If a poet cannot attend, they may ask a friend to read their poem, or the coordinator will read it. If an artist cannot attend, the gallery owner can speak on behalf of the piece. The program is built so that an absence does not break the event.

Closing

After the last pairing, the audience is invited to shake hands with the poets and artists and to spend time with the paired works on the walls. There is no formal closing ceremony.

Equipment

The program brings a microphone to each event. If the gallery already has audio equipment, the gallery's system is used instead.

Gallery publicity

Galleries are welcome and encouraged to do their own publicity for their event, featuring their artists and their space. The Ars Poetica website and social media publicize the season as a whole and each event within it. Everything the galleries publicize is recognizably an Ars Poetica event, but the gallery's own identity is fully visible within it.

Gallery authority

Once an event is scheduled, the gallery is in charge of its own event. Setup, timing, refreshments, seating, audience outreach, and the feel of the evening are the gallery's to shape. The coordinator supports the event and fills the MC role when invited, but the gallery owns the space and the night.


8. Finances

Ars Poetica operates on a small budget funded entirely by poet reading fees.

Income

Each poet pays a $15 reading fee at submission. The fee is collected through Submittable and deposited into the Ars Poetica bank account at Kitsap Credit Union. The account is controlled by the coordinator, who holds the debit card and handles all transactions.

Expenses

The reading fees cover the program's operating costs for the year, which typically include:

  • A post office box, rented for six months during the active season.
  • Website hosting.
  • A microphone and any other audio equipment needed for events.
  • The coordinator's stipend.

The coordinator's stipend

The coordinator receives a fixed $500 stipend at the end of each season. It is paid in July, after all reports are complete and the year-end meeting with David has taken place. David does not receive compensation for his role.

Transparency

The coordinator provides a financial summary at the end of each season, showing the year's income and expenses. This is shared with David as part of the year-end wrap-up and is available to the committee on request.


9. End-of-Year Wrap

The program closes cleanly in the months after April and does not require active attention again until the next call opens in September.

Thank-you note

After the final gallery event in April, the coordinator sends a thank-you note to poets, artists, and gallery hosts.

Year-end meeting

Tamarah and David meet once in May to review the season: what worked, what didn't, and what to adjust for the next year. There is no set agenda beyond those three questions.

End-of-year report

A written report is produced at the end of the season summarizing participation, exhibitions, and notable developments for the year. The report is kept on file and shared with David.
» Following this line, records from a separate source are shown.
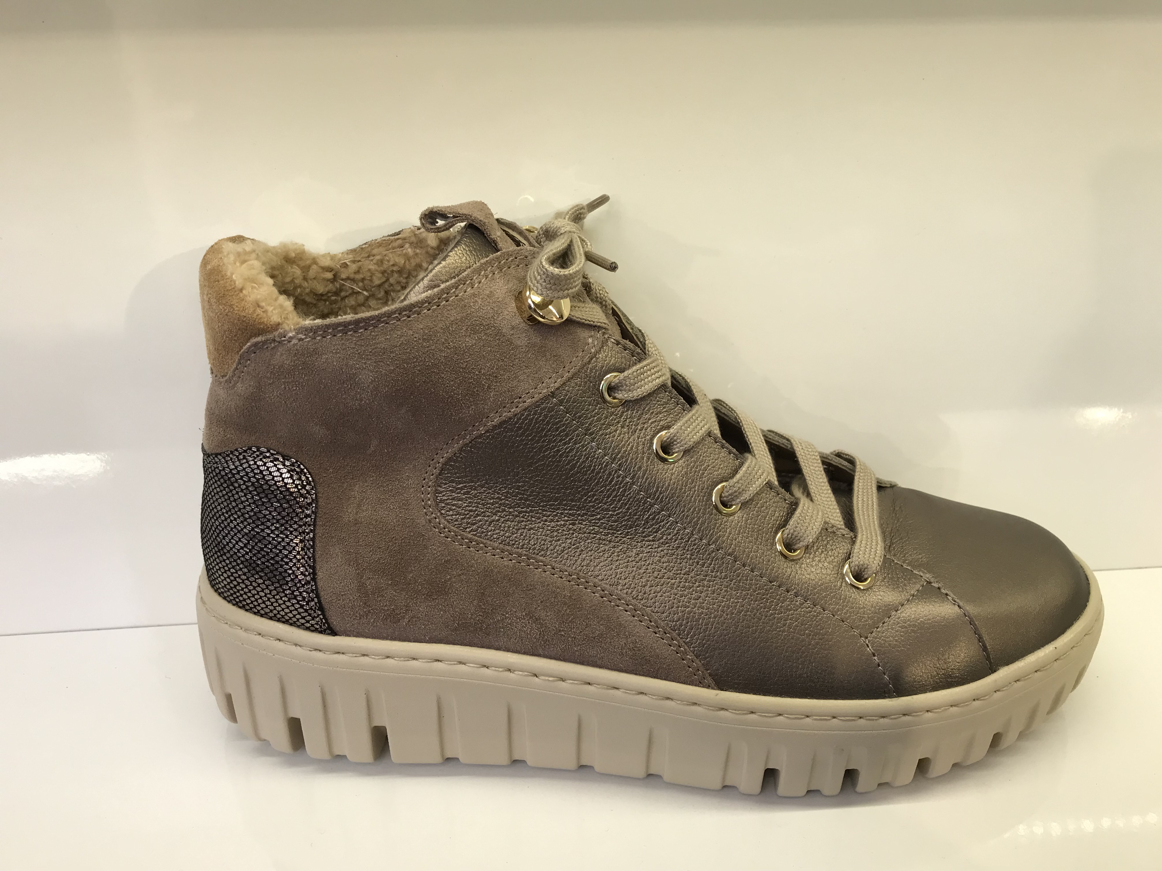 Damenstiefelette von Waldläufer; Obermaterial: Nubukleder und Glattleder; Innenmaterial: warmes Plüschfutter; herausnehmbares Fußbett; verstellbar durch Schnürung und einen zusätzlichem Reißverschluss; Weite H; Beige Sohle (Hell); Sehr Leicht; Farbe: Bronce/Nougat/Toffee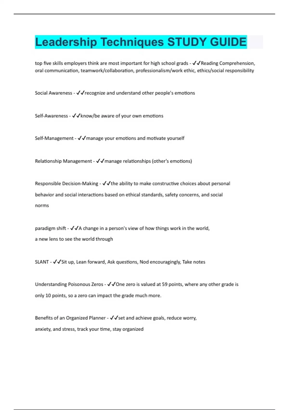 top five skills employers think are most important for high school grads - Reading Comprehension, oral communication, teamwork/collaboration, professionalism/work ethic, ethics/social responsibility Social Awareness - recognize and understand other people's emotions Self-Awareness - know/be aware of your own emotions Self-Management - manage your emotions and motivate yourself Relationship Management - manage relationships (other's emotions) Responsible Decision-Making - the ability to make constructive choices about personal behavior and social interactions based on ethical standards, safety concerns, and social norms paradigm shift - A change in a person's view of how things work in the world, a new lens to see the world through SLANT - Sit up, Lean forward, Ask questions, Nod encouragingly, Take notes Understanding Poisonous Zeros - One zero is valued at 59 points, where any other grade is only 10 points, so a zero can impact the grade much more. Benefits of an Organized Planner - set and achieve goals, reduce worry, anxiety, and stress, track your time, stay organized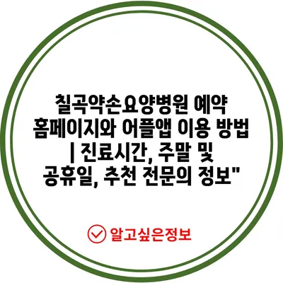 ✅ 칠곡약손요양병원의 진료시간과 예약 방법을 간편하게 알아보세요.

It may also be shared with participating galleries at the coordinators' discretion.

Financial summary

The coordinator prepares the year's financial summary (see Section 8) alongside the report.

Archive

Every season is preserved in its own folder on the coordinator's computer, containing the manuscript, artist selections, poet and artist contact lists, event documentation, correspondence, and the year's report. The archive is reviewed during the year-end meeting to track patterns across seasons.

Stipend

The coordinator's stipend is paid in July, after the reports are complete and the year-end meeting has taken place.

August

Quiet. The program is dormant until the next call opens in mid-September.